### TASK DIRECTIONS
What's needed is an exact copy of all the data below, without pictures.

### DATASET SECTION

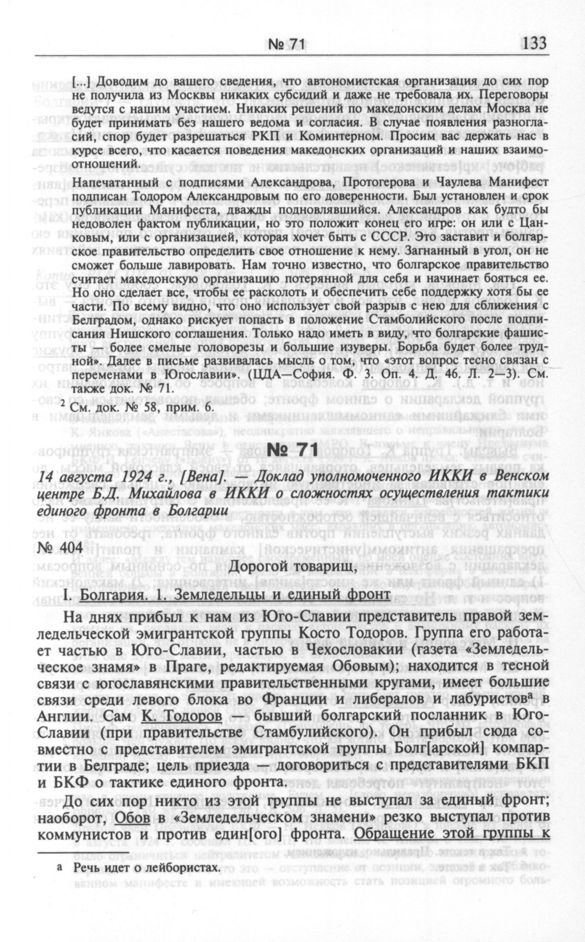14 августа 1924 г., [Вена]. — Доклад уполномоченного ИККИ в Венском центре Б. Д. Михайлова в ИККИ о сложностях осуществления тактики единого фронта в Болгарии // Копия. РГАСПИ. Ф. 498. Оп. 1. Д. 506. Л. 5-6.
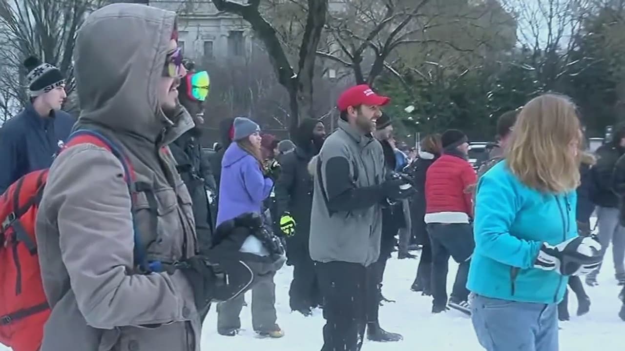 En video: Decenas de personas en Washington reciben la primavera jugando aún con la nieve
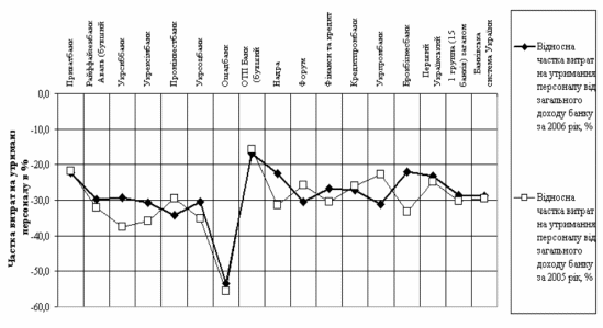 порівняльний аналіз відносних часток витрат на утримання персоналу в АКБ “Приватбанк" та в найбільших банках України у 2005 - 2006 роках;
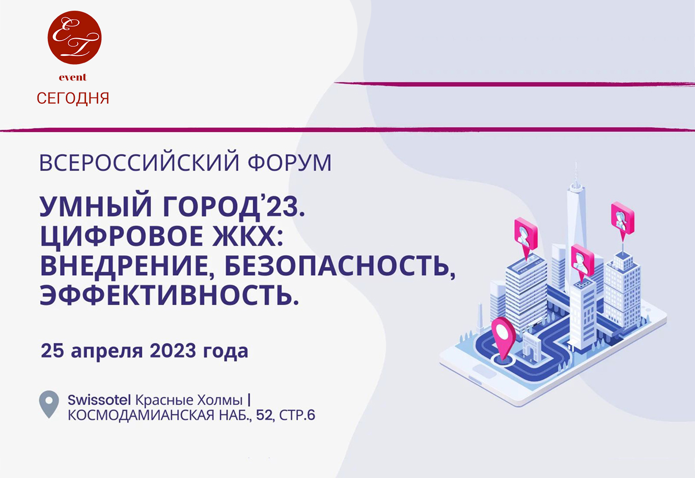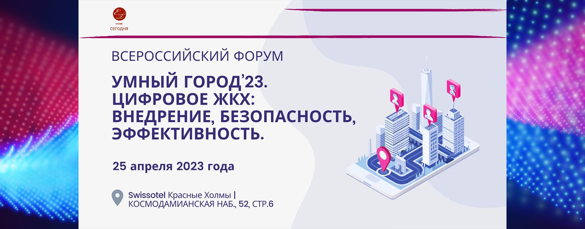 Всероссийский форум «Умный город’23. Цифровое ЖКХ: внедрение, безопасность, эффективность» 25 апреля 2023 года | Swissotel Красные Холмы | КОСМОДАМИАНСКАЯ НАБ., 52, стр. 6 (Москва)

### TASK SOLUTION
14 августа 1924 г., [Вена]. — Доклад уполномоченного ИККИ в Венском центре Б. Д. Михайлова в ИККИ о сложностях осуществления тактики единого фронта в Болгарии // Копия. РГАСПИ. Ф. 498. Оп. 1. Д. 506. Л. 5-6.
 En video: Decenas de personas en Washington reciben la primavera jugando aún con la nieve
 порівняльний аналіз відносних часток витрат на утримання персоналу в АКБ “Приватбанк" та в найбільших банках України у 2005 - 2006 роках;
 Всероссийский форум «Умный город’23. Цифровое ЖКХ: внедрение, безопасность, эффективность» 25 апреля 2023 года | Swissotel Красные Холмы | КОСМОДАМИАНСКАЯ НАБ., 52, стр. 6 (Москва)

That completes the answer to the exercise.